Since the 2010s, with the development of the Internet of Things (IoT) and artificial intelligence, embedded systems and microcomputers have entered a stage of integration. The rise of low-cost platforms like Raspberry Pi, ESP32, and Jetson has enabled rapid deployment of smart terminals and small edge devices, promoting the construction of smart homes, industrial automation, and smart cities. Edge computing, intelligent recognition, voice interaction… these advanced technologies are increasingly being integrated into these seemingly insignificant small chips.
Small Boards, Big World: The Rise of Raspberry Pi, ESP32, and Jetson
In the past decade, some devices that look like “circuit board toys” have quietly ignited the enthusiasm of makers, engineers, and even primary and secondary education worldwide. They are low-cost, powerful, and versatile, representing the trend of “democratization” of embedded devices and microcomputers. Among them, the three most representative platforms are: Raspberry Pi, ESP32, and Jetson series.
In 2012, a team of engineers from the University of Cambridge launched the first generation of Raspberry Pi, originally aimed at enabling primary and secondary school students to learn programming at a low cost. Unexpectedly, this credit card-sized computer quickly became popular worldwide.
Raspberry Pi not only runs a complete Linux system (such as Raspberry Pi OS) but also connects to monitors, keyboards, and mice, and can be used for media playback, web browsing, robot control, and as an IoT hub. Over the years, it has continuously evolved from the initial single-core CPU to a powerful tool today that supports 4K output, multi-core processing, Wi-Fi, and Bluetooth.
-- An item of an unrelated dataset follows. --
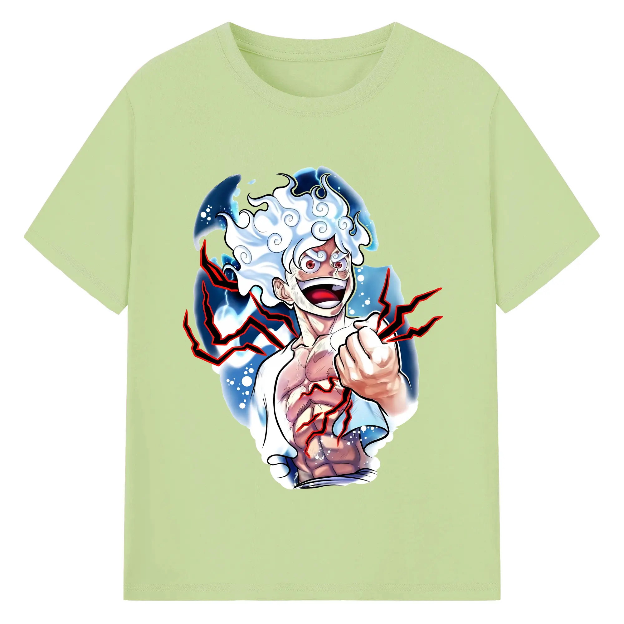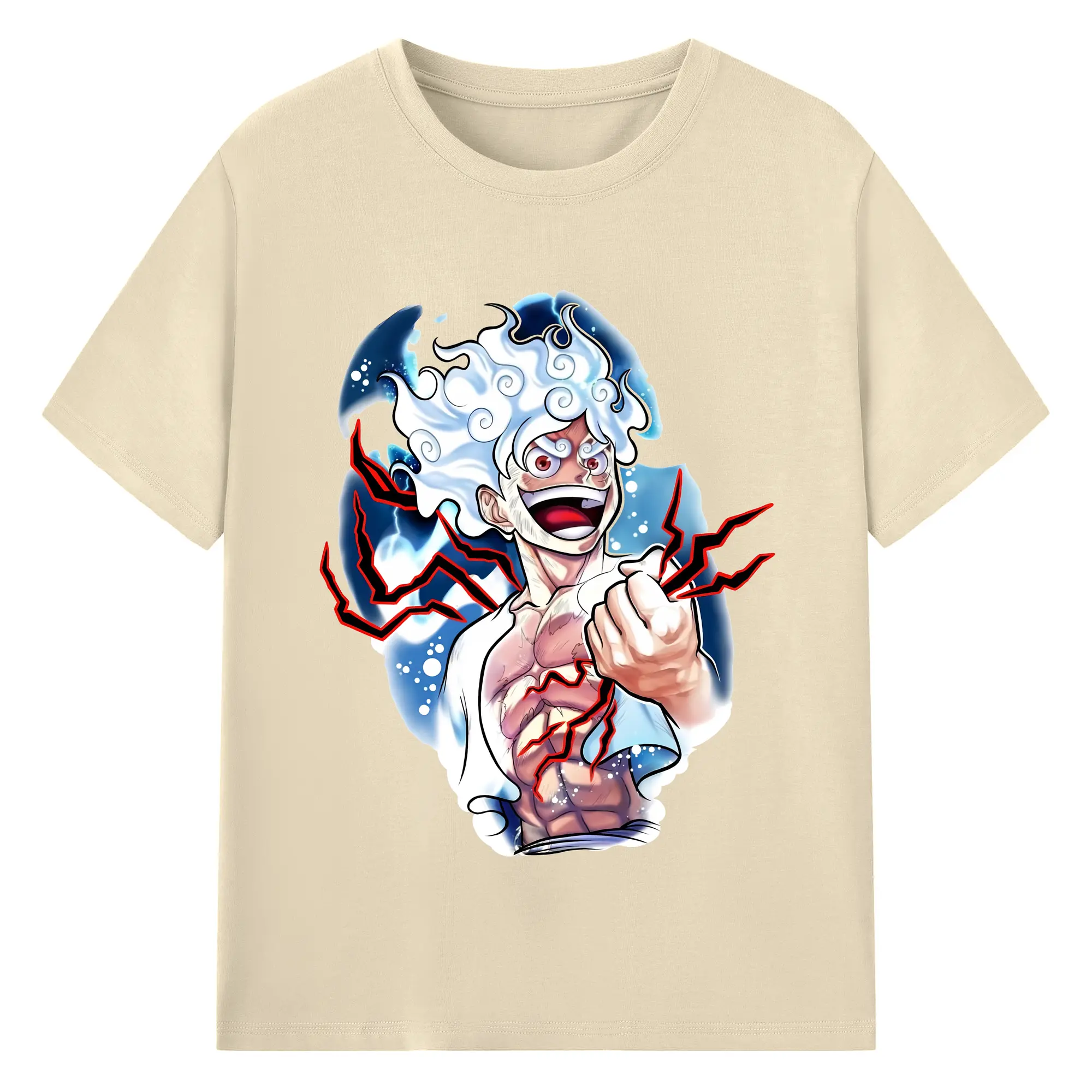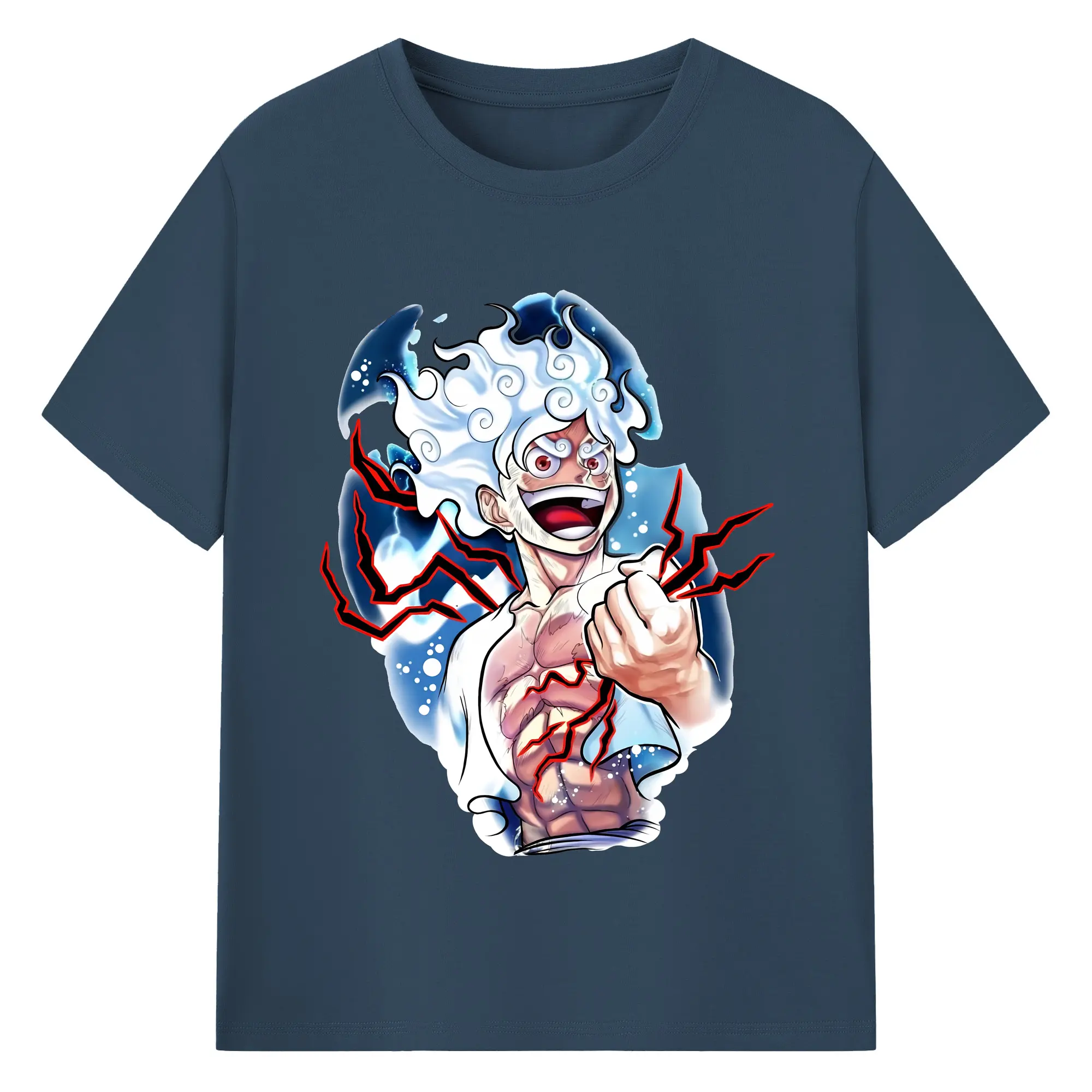 ワンピース グッズ モンキー・D・ルフィ - 綿100% ヴィンテージ風 半袖Tシャツ ・ フロントプリント ・ 柔らか肌触り ・ 通気性 快適 ・ スポーツ カジュアル 外出用

Its emergence has shattered the stereotype that “computers = expensive,” allowing thousands of people to enter the world of programming and embedded development for less than 100 yuan.
Compared to the fully functional Raspberry Pi,ESP32 is more like a “little expert” tailored for the Internet of Things (IoT). It was launched by Espressif Systems in China and features low power consumption, integrated Wi-Fi and Bluetooth, and rich GPIO interfaces. The greatest appeal of the ESP32 lies in its “light yet powerful” nature—achieving wireless communication, sensor control, and remote data collection for just a few yuan, it is often used in smart locks, remote temperature monitoring, smart lighting, and wearable devices.
NVIDIA’s Jetson series, especially Jetson Nano and Jetson Orin Nano, are micro platforms specifically developed for edge artificial intelligence (Edge AI). Their core advantage lies in the built-in powerful GPU, capable of performing tasks such as image recognition, object detection, and voice processing, commonly used in robotics, autonomous vehicles, and security monitoring. Although slightly more expensive than Raspberry Pi and ESP32, the Jetson series represents the cutting-edge trend of “embedded + AI.” You can run deep learning models on a device the size of your palm, achieving localized, low-latency intelligent processing, which has great potential in fields like healthcare, industry, and transportation. Its development ecosystem is also very open, supporting platforms like Arduino, MicroPython, and ESP-IDF, greatly lowering the entry barrier.
From the “secret weapon” of the moon landing mission to the ubiquitous smart assistants in our lives, embedded systems and microcomputers are redefining our world in an invisible way.
Today, embedded devices are everywhere, serving as a crucial pillar of modern information society, from daily life to high-end scientific research.